I suspect there are literally millions of people out there who are only voting Tory because of Brexit and that once it happens the party is likely to crumble into dust with the chalice in their hands.

FWIW I'm pretty sure I now believe the referendum should be rerun, in a large part because the idea that you can overspend by more than half a million and still basically get away will be disastrous for our democracy and can't be allowed to take hold. Fines certainly won't work.

Matt DC, Tuesday, 17 July 2018 17:29 (five years ago) link

keep the result but jail the fuckers

Jules Rimet still leaving (Noodle Vague), Tuesday, 17 July 2018 17:31 (five years ago) link

I mean definitely not with a leader from the Chuka / Yvette wing, to clarify.

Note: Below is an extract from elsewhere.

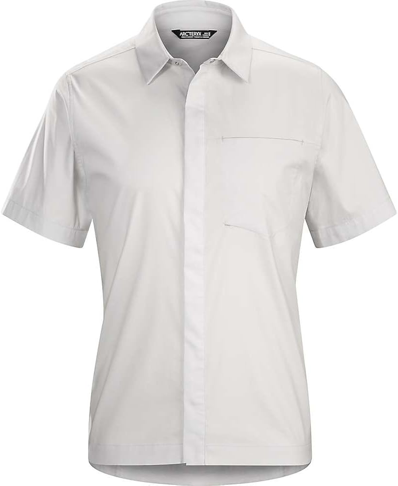 FEATURES of the Arcteryx Men's A2B Short Sleeve Shirt Performance cotton blend shirting with Schoeller 3XDRY technology combines comfort, water repellency and wicks moisture UPF 50 Discrete reflectivity on underside of collar Chest pocket provides storage for small items
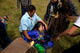 MONGOLIA. Ulaanbaatar/Dogan Had. 2010. Professional shamans from Ulaan Bataar bring their students to the countryside to speak with their ancestor spirits for the first time. They set up gers inside a sacred area whose perimeter they marked with string and begin the long series of rituals and sacrifices that will last the whole weekend. The new shamans enter a trance and begin to speak with their ancestor spirits for the first time, with family members giving support. Families have long been detached from their ancestors because shamanism was suppressed for so long, so the process of reconnecting is trying.

Matt DC, Tuesday, 17 July 2018 17:31 (five years ago) link

there’s been little (no?) good analysis done on exactly why the polls stay stubborn at 40 points a piece.

Stephen Bush had a piece on this recently where he concluded that the mythical 20 points to be picked up couldn’t exist.

Meanwhile:

Reports that Tory rebels are being threatened with a general election if they defeat the government of a new clause 18

— PARLY (@ParlyApp) July 17, 2018

gyac, Tuesday, 17 July 2018 17:32 (five years ago) link

None of these fuckers are going to jail BTW.

Matt DC, Tuesday, 17 July 2018 17:35 (five years ago) link

I'm not entirely sure that I understand the Stephen Bush line that Matt quoted earlier - is it to say that asking "food shortages y/n" is irresponsible because what if the voters say 'y'?

Andrew Farrell, Tuesday, 17 July 2018 17:35 (five years ago) link

Xp no I know I was just thinking outside the box

Jules Rimet still leaving (Noodle Vague), Tuesday, 17 July 2018 17:40 (five years ago) link

Or at least no one that matters is going to jail, and future poll fiddlers might conclude that the imprisonment of a few dumb fucks stupid enough to leave a paper trail is a price worth paying to get what they want.

Matt DC, Tuesday, 17 July 2018 17:45 (five years ago) link

Yeah but this government is so far short of the power or authority to demand a rerun that you might as well fantasize

Jules Rimet still leaving (Noodle Vague), Tuesday, 17 July 2018 17:47 (five years ago) link

It's becoming very apparent that they are far short of the power or authority required to pursue any of the available options.

Matt DC, Tuesday, 17 July 2018 17:50 (five years ago) link

I can no longer work out if headlines like 'May suffers surprise Brexit Commons defeat' are good or bad.

nashwan, Tuesday, 17 July 2018 18:02 (five years ago) link

in case you're wondering which FIVE Labour MPs voted with the government - preventing an epic crisis in May's leadership - they are: Field, Hoey, Hopkins, Mann and Stringer

— Jim Pickard (@PickardJE) July 17, 2018

𝔠𝔞𝔢𝔨 (caek), Tuesday, 17 July 2018 18:21 (five years ago) link

Poll on which one you like most.

Alan Alba (Tom D.), Tuesday, 17 July 2018 18:24 (five years ago) link

I can't believe I haven't heard Hoey's dulcet tones reading any of my fave Audible books!